Ebola: le FMI sous pression pour alléger la dette des pays africains

[dropcap]L[/dropcap]e FMI se retrouve pressé de toutes parts d’alléger la dette des trois pays africains les plus touchés par Ebola, à l’heure où sa responsabilité dans la propagation rapide de l’épidémie est pointée du doigt.

Christine Lagarde, Directrice Générale du FMI.

Les appels à la clémence budgétaire ne se limitent pas aux ONG de lutte contre la pauvreté: une commission de l’ONU a estimé à la mi-décembre qu’une « annulation » de la dette de la Guinée, de la Sierra Leone et du Liberia devait être « sérieusement envisagée » pour leur donner un peu d’air.

Surtout, les Etats-Unis sont eux-mêmes montés au créneau en exhortant le Fonds monétaire international à effacer près d’un cinquième de la dette que ces trois pays, tous sous perfusion financière du FMI, doivent à l’institution (plus de 480 millions de dollars au total).

Une telle mesure permettrait de « libérer des ressources » pour faire redémarrer l’activité dans la région, où l’épidémie a fait plus de 7. 800 morts, avait expliqué début novembre le secrétaire américain au Trésor, Jacob Lew, dont le pays est le premier actionnaire du FMI.

Réunis en Australie à la mi-novembre, les chefs d’Etat des pays du G20 ont encore accentué la pression en affirmant que la nouvelle enveloppe budgétaire de 300 millions de dollars promise par le Fonds contre Ebola devrait notamment prendre la forme d’un « allègement de dette ».

Ses modalités précises font actuellement l’objet d’une intense réflexion au Fonds, qui pourrait déboucher sur une proposition concrète « en janvier ». « Nos équipes sont en train d’explorer de nouvelles options pour soutenir les pays frappés par Ebola », déclare à l’AFP un porte-parole de l’institution.

– ‘Malentendu’ –

Gardien de l’orthodoxie budgétaire, le FMI doit en réalité étoffer sa boîte à outils, quitte à s’éloigner de son fonctionnement traditionnel qui consiste à prêter à un pays en difficulté et à exiger un remboursement intégral.

Après le tremblement de terre d’Haïti de 2010, le Fonds avait certes créé un mécanisme de gestion des catastrophes naturelles qui lui avait permis d’annuler les 268 millions de dollars de dette que lui devait ce pays des Caraïbes.

Mais ce mécanisme doit aujourd’hui être réformé.

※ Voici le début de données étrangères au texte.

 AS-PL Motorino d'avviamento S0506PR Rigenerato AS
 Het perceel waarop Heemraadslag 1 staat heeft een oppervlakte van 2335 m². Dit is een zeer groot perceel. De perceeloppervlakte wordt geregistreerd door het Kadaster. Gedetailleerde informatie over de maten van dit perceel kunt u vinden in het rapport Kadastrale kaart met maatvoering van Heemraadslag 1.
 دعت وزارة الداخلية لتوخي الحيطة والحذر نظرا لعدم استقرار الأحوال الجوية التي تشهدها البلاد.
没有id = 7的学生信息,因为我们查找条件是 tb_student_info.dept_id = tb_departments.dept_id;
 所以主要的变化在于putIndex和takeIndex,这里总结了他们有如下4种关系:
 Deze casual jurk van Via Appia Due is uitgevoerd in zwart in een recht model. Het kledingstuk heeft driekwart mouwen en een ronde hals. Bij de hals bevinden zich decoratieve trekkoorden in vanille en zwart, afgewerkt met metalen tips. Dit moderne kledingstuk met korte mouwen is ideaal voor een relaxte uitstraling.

En l’état, il n’est censé répondre qu’aux catastrophes naturelles « dévastatrices », selon le FMI, et est inopérant dans le cas d’une épidémie comme celle d’Ebola.

Selon ses promoteurs, un allègement de dette du FMI permettrait d’épauler les pays victimes d’Ebola en évitant de les étrangler financièrement avec des prêts, même ceux à taux zéro.

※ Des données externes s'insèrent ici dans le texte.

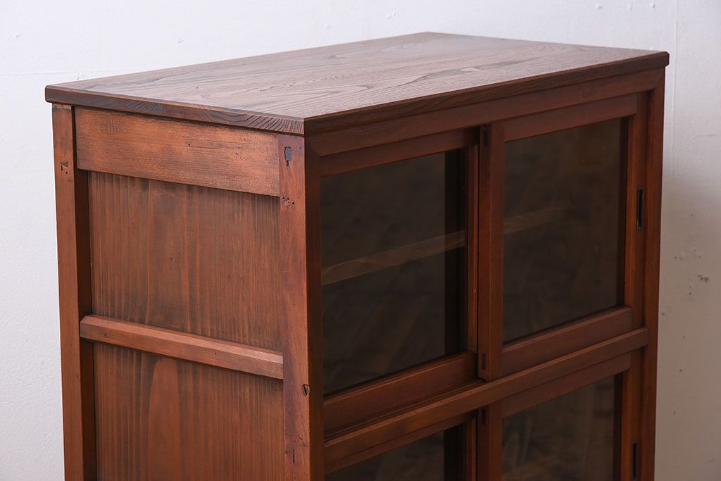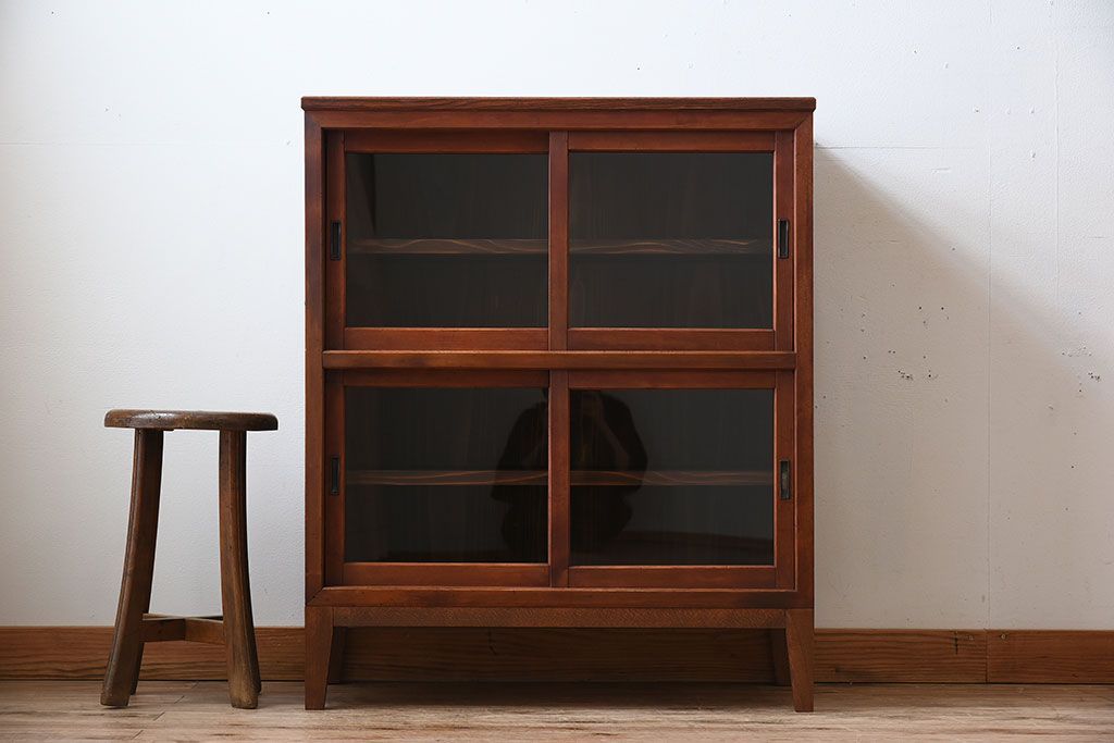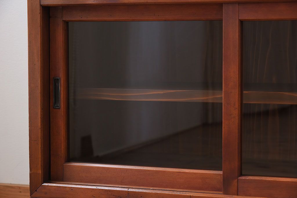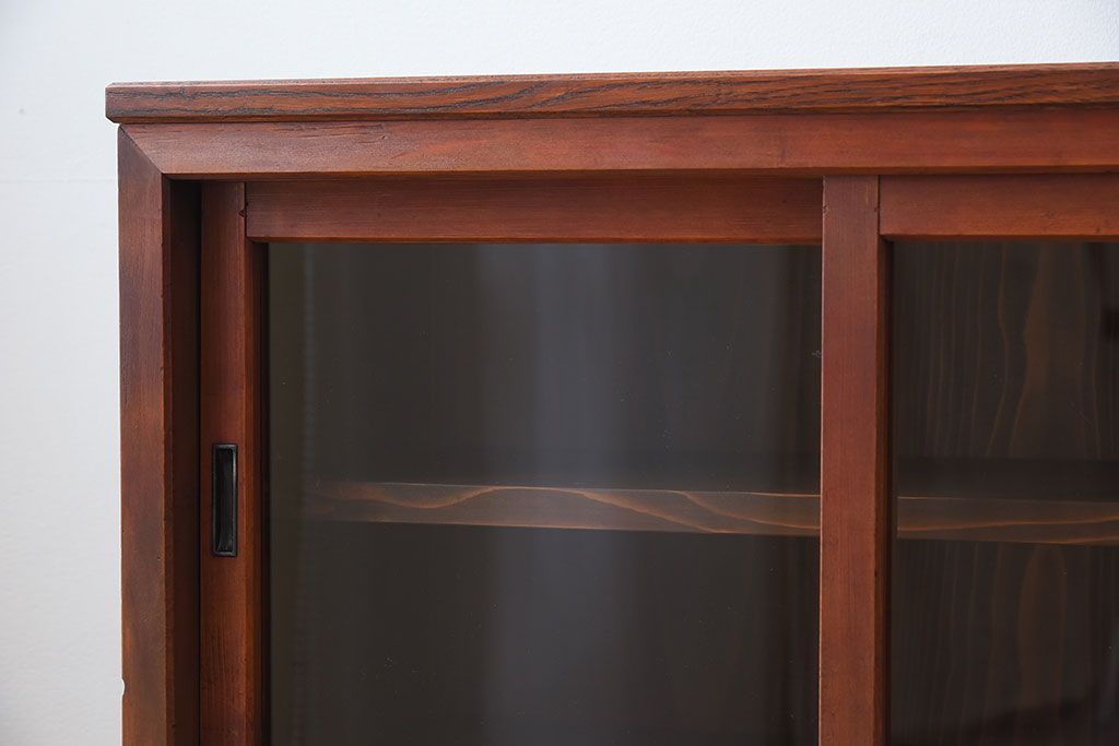 アンティーク家具 前面檜材 大正期 脚付き!引き戸のアンティーク収納棚
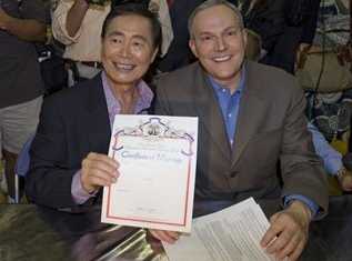 中新網6月18日電 加州在16日成為美國第二個允許同性戀結婚的州,17日加州各地就有數百對同性戀進行結婚登記,其中還包括曾經演出《星際迷航》的日裔美國演員竹井喬治(George Takei),不過也有一些保守人士進行抗議,批評同性戀婚姻是種變態婚姻。
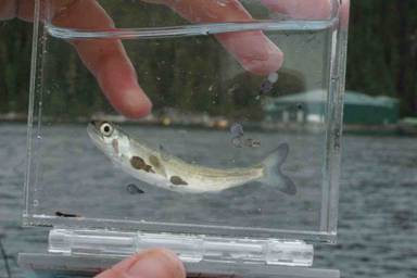 Young salmon infested with lice. Copyright: Alexandra Morton

« Le problème d’utiliser des prêts pour aider des pays pauvres tient au fait qu’ils doivent rembourser le moindre centime même si leur situation s’aggrave », explique à l’AFP David Roodman, conseiller indépendant sur le développement.

Sierra Leone et Guinée ont ainsi dû continuer à honorer leurs échéances financières vis-à-vis du FMI en 2014 malgré la crise Ebola, selon le site internet de l’institution.

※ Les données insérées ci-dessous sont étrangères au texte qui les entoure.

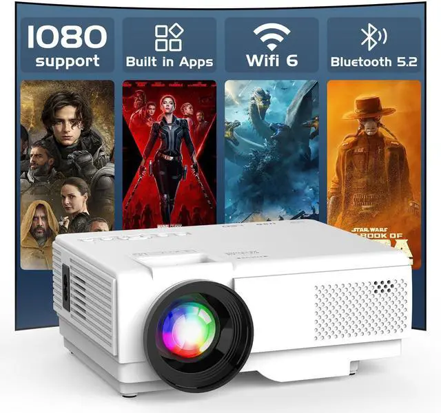 ![Alt view image 6 of 7 - [Built-in Apps] Mini Projector with WiFi and Bluetooth, Portable Movie Projector, Compatible with Smartphone/TV Stick/Laptop/HDMI/USB, For Home Theater, Outdoor Movie, Gaming, Camping](https://c1.neweggimages.com/productimage/nb640/C43WD2604240EEHH87D.jpg)
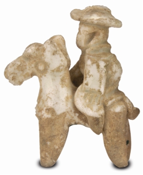 图2为宋白釉老翁骑马瓷塑,长3.8厘米,宽2厘米,高4.2厘米。马四足露胎无釉,马头部夸张,马上坐一老翁,头戴斗笠,双目深陷,身着宽袖衣衫,手五指呈伸展状且刻画清晰,右手在前放于马颈,左手下垂放在马腰上。双腿夹紧马肚,扭身躬背做骑马状。马双目圆睁,大耳直立,长嘴微合,似作呼呼喘息状,马尾较短。
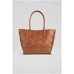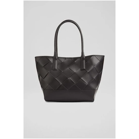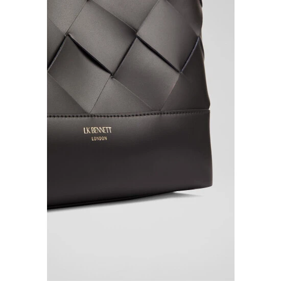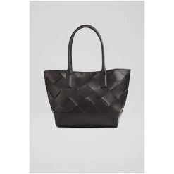 The Harper tote bag is crafted in Italy from smooth black leather in a woven design. It’s a roomy style with double handles and an inside pocket.
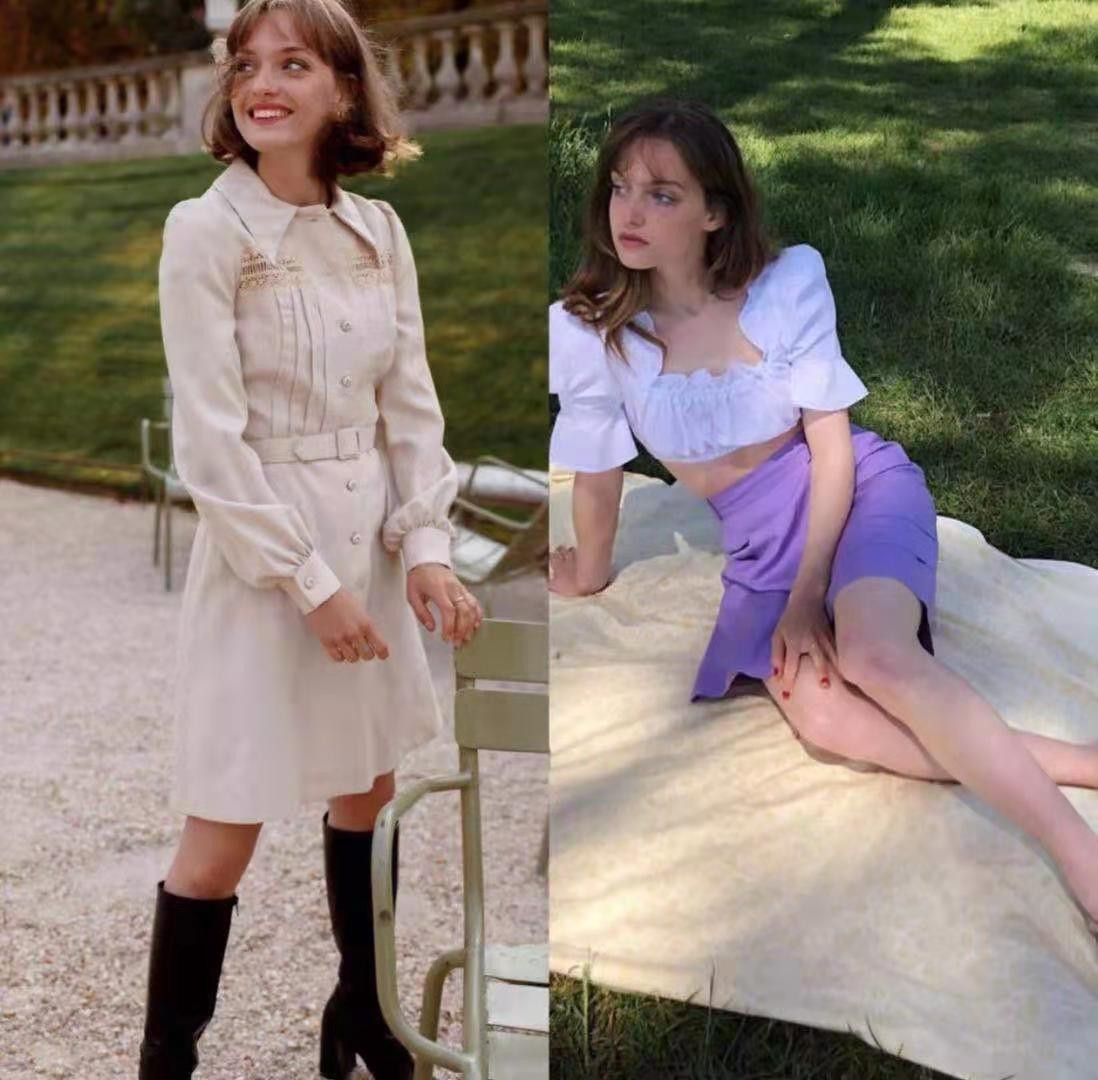 而純淨的白色短款上衣帶有花邊的設計,對身材是有著較高的要求。搭配紫色的半身裙展現了夏日的甜美風格,利用白色和紫色之間的結合,神秘而又優雅。

Autre pourvoyeur d’aide pour les pays touchés par l’épidémie, la Banque mondiale assure l’avoir compris: elle dit avoir mobilisé 500 millions de dollars d’aide sous forme de dons « qui n’auront jamais à être repayés », affirme à l’AFP un de ses porte-parole, Phil Hay.

Le changement pourrait s’avérer plus difficile pour le FMI. « C’est un peu comme de demander à un banquier de se préparer à ne pas être remboursé. Ca va contre sa nature », souligne M. Roodman.

L’enjeu n’est toutefois pas mince pour les pays bénéficiaires. « Le grand mérite d’une aide financière via un allègement de dette est qu’elle permet des investissements sur le long terme dans les systèmes de santé et dans la prévention des maladies », déclare à l’AFP Eric LeCompte, directeur exécutif de Jubilee USA, une organisation de lutte contre la pauvreté.

Cela tombe à point nommé pour le FMI, dont les cures d’austérité des années 80-90 sont accusées d’avoir mis à plat les systèmes de santé en Afrique de l’ouest, favorisant la propagation actuelle d’Ebola.

Ce sont en tout cas les conclusions d’une récente étude menée par trois établissements britanniques et que le Fonds a catégoriquement rejetées en assurant qu’elles procédaient d’un « malentendu » et en défendant l’innocuité de ses remèdes.